The Excentrical Center: From the Feminist Critiques of Modern Political Subject to the Epistemological Privilege of "Woman"
The talk proposes an analysis of the vicissitudes and the crisis of the modern political subject from the perspective of women and feminism. It will be articulated in three acts, and each will be introduced by the words of a man. This willingly inappropriate narrative device is intended to expose the act of power that lies behind the very constitution of the modern political subject. In the first act - opened by a reading of Thomas Hobbes's work and developed through an analysis of Margaret Cavendish's and Mary Shelley's fictions - it will be shown that the claim for absoluteness and universality of the modern subject hides the 'original' gesture of subjecting women. In the second act, moving from Jeremy Bentham's conception of marriage as the foundation of civilization, it is suggested that the explicit critique of the subject entitled to rights articulated by Olympe de Gouges, Mary Wollstonecraft and Emma Goldman is a critique of the whole order constituted upon that subject: the order of sovereignty, society and the market.

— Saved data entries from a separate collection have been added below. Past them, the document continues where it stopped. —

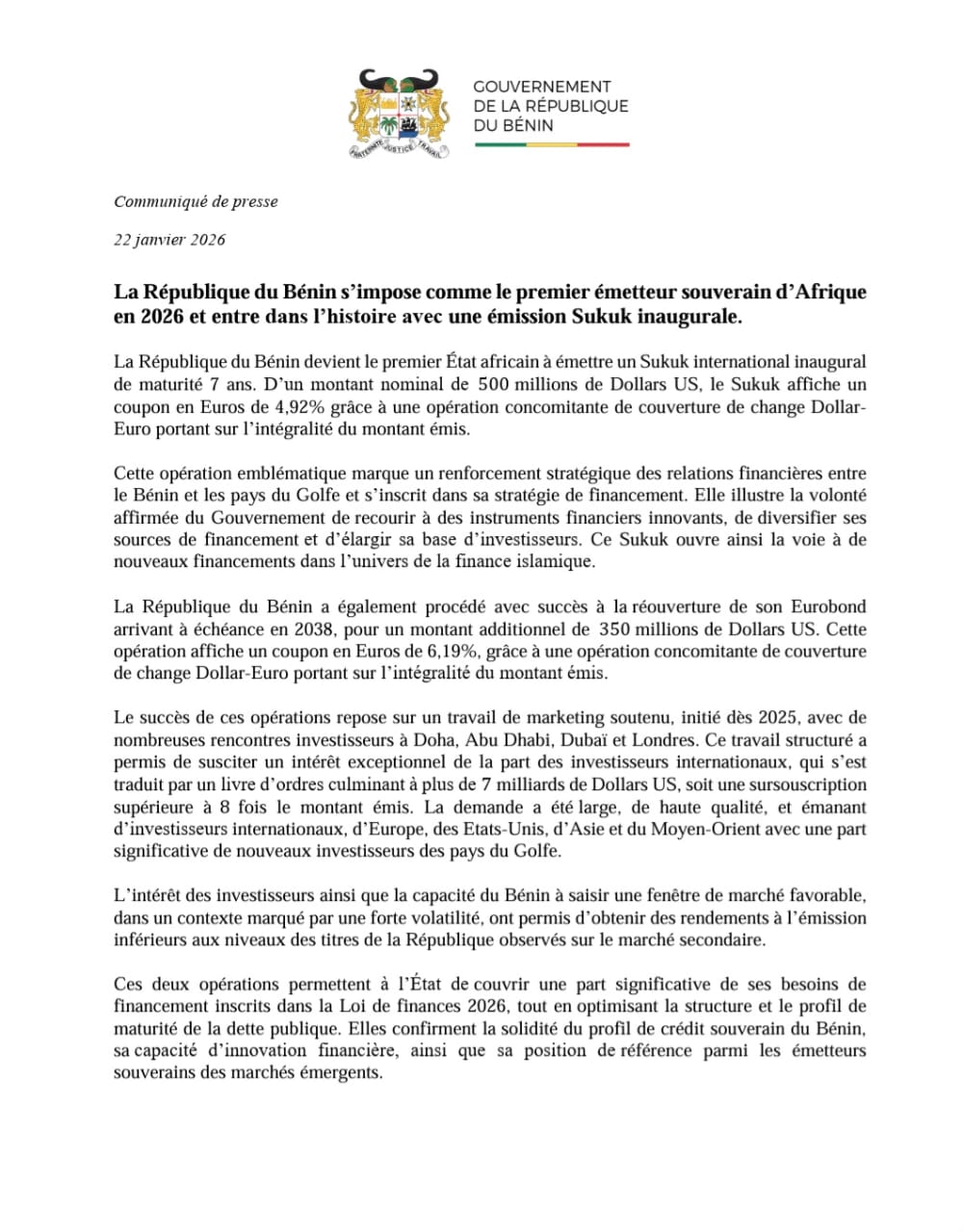 En devenant le premier émetteur souverain africain de l’année 2026, la République du Bénin marque un tournant majeur. Avec le lancement de son premier Sukuk international et la réouverture d’un Eurobond, le pays a levé un total de 850 millions de dollars, confirmant l’attrait croissant des investisseurs pour la signature béninoise.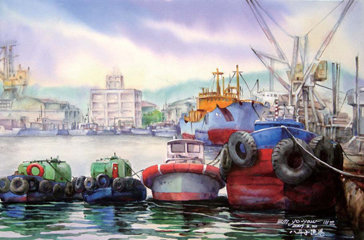 從停泊中的船型佈局,找尋另一種沉思與寜靜,伴隨著情感的感動與寄託,便是本人在創作中極想追求的,故,本創作乃藉由停泊於八斗子漁港之船隻為創作出發點,透過水彩之表現技法方式呈現,表現出自己另一種靜謐空間的思緒。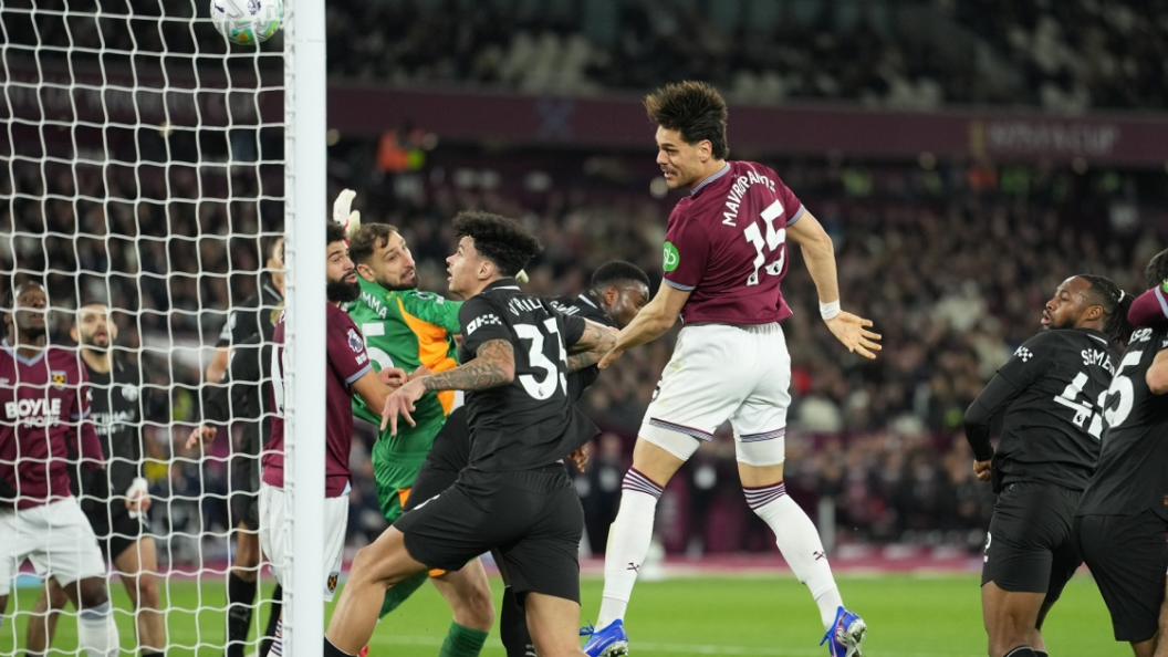 Ο Ντίνος Μαυροπάνος σκόραρε με κεφαλιά ενάντια στη Μάντσεστερ Σίτι, κάνοντας το 1-1 για τη Γουέστ Χαμ.
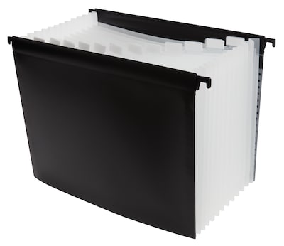 Protect papers with this hanging file folder. The seven pockets offer support for further categorization options, while top tabs provide adequate space for labeling and help you locate projects easily. An expandable spine creates extra room for larger files. This TRU RED letter-size black poly hanging file folder features a distinct color to help color-code your records by the client or subject.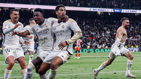 যোগ করা সময়ে লাল কার্ড দেখেন আলমেরিয়া কোচ। তার কিছুক্ষণ পর বেলিংহ্যামের হেডে বল পেয়ে খুব কাছ থেকে জাল খুঁজে নেন রিয়াল মাদ্রিদের স্প্যানিশ ডিফেন্ডার কারভাহাল। এই গোলের পরই জয়ের উল্লাসে মাতে রিয়াল।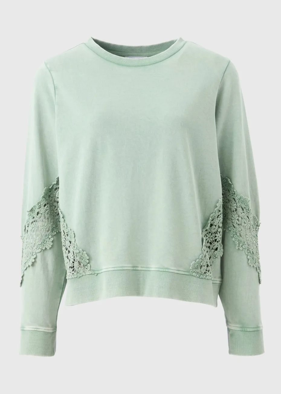 Stay effortlessly stylish in this sage green sweatshirt, featuring a vintage-inspired acid wash and delicate broderie anglaise detailing. With a relaxed fit and soft cotton-rich fabric, it’s perfect for laid-back days with a touch of feminine charm.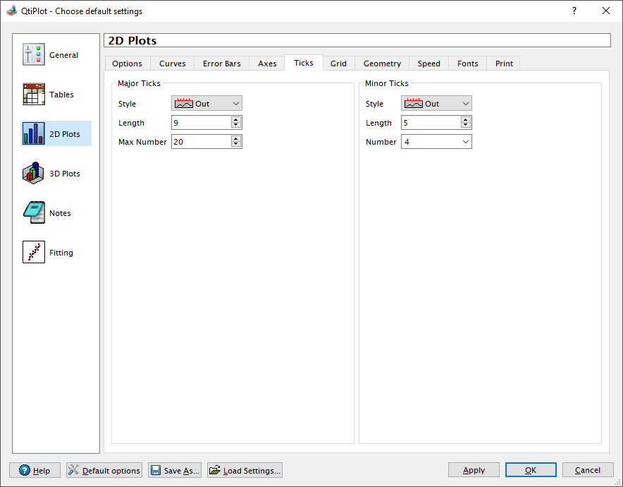 - The General Plot Options dialog raises an error message for input step values resulting in a number of major ticks larger than the maximum limit specified in the General tab.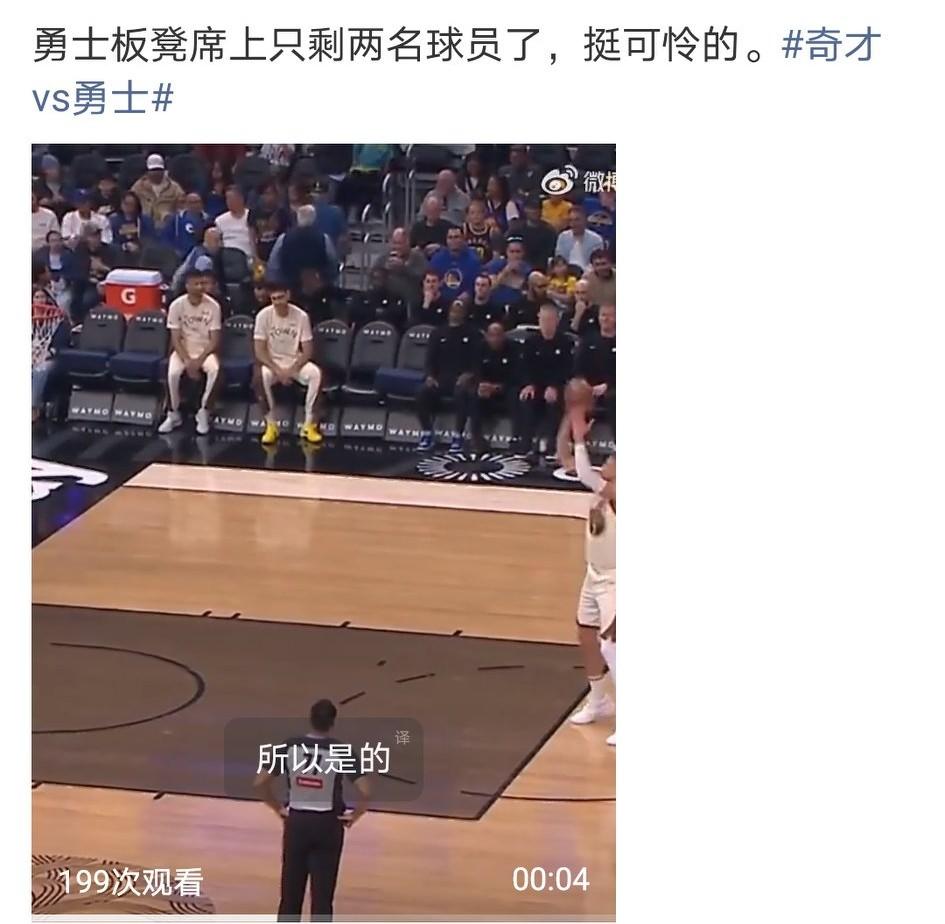 第一节结束,勇士36-25领先奇才。在休息一天之后,勇士在控球上更为流畅,目前没有失误。 惨烈的是勇士替补席上只有2人。伤病众多,库里兄弟、霍福德、波姐、穆迪……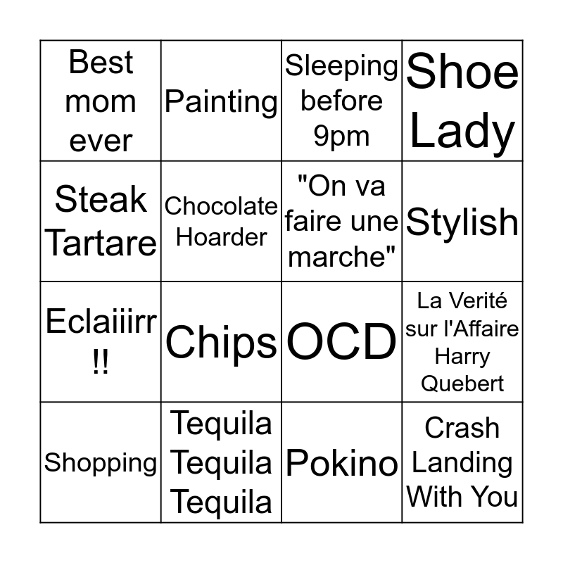This bingo card has 28 words: Golf, Wine, Eclaiiirr !!, Dancing Queen, Chocolate Hoarder, Sleeping before 9pm, Painting, Crash Landing With You, Tequila Tequila Tequila, French Fries, OCD, Shoe Lady, Makeup Artist, Was Black In Past Life, Chips, Lame TV Shows, Smelly Farts, "On va faire une marche", Stylish, Hottie, Best mom ever, *Laugh* *Snort* *Laugh*, Shopping, La Verité sur l'Affaire Harry Quebert, Pokino, Bon Marché, Steak Tartare and Yoga.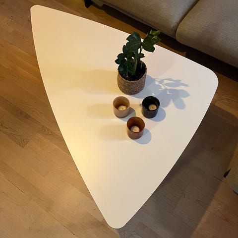 Pent salongbord, modell Liatorp, fra IKEA, i hvitt, med glassplate og rikelig med oppbevaring, en stort skuffet og mer rom under.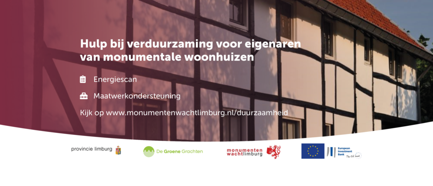 De Provincie Limburg helpt in samenwerking met Monumentenwacht Limburg en De Groene Grachten eigenaren van woonhuis monumenten in Limburg met verduurzamen Zij kunnen nu een gratis Duurzaam Monumenten-advies aanvragen om inzicht te krijgen in de duurzame kansen voor hun woning. Voor wie al een adviestraject doorlopen heeft wordt maatwerkondersteuning geboden.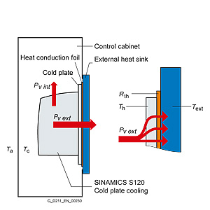 Расчет IEC 60890 (VDE 0660 Часть 507) может использоваться для определения температуры окружающей среды Tc внутри шкафа управления. При расчете следует учитывать все источники тепла в шкафу управления, например, линейные модули, модули двигателя, источники питания, фильтры, реакторы. Важно определить эффективную поверхность охлаждения, которая зависит от способа настройки шкафа управления. Для шкафов управления с вентиляционными форточками (естественная конвекция) также может использоваться стандарт.

In the last act, the debate around Hegel's Phenomenology - involving Simone de Beauvoir, Judith Butler, Carla Lonzi, Luce Irigaray, Gayatri Chakravorty Spivak - is read in order to show that woman, as an «impossible subject», provides an unexpected and privileged critical perspective on contemporary global dynamics of power.
Paola Rudan is Senior Assistant Professor in the History of Political Thought at the University of Bologna.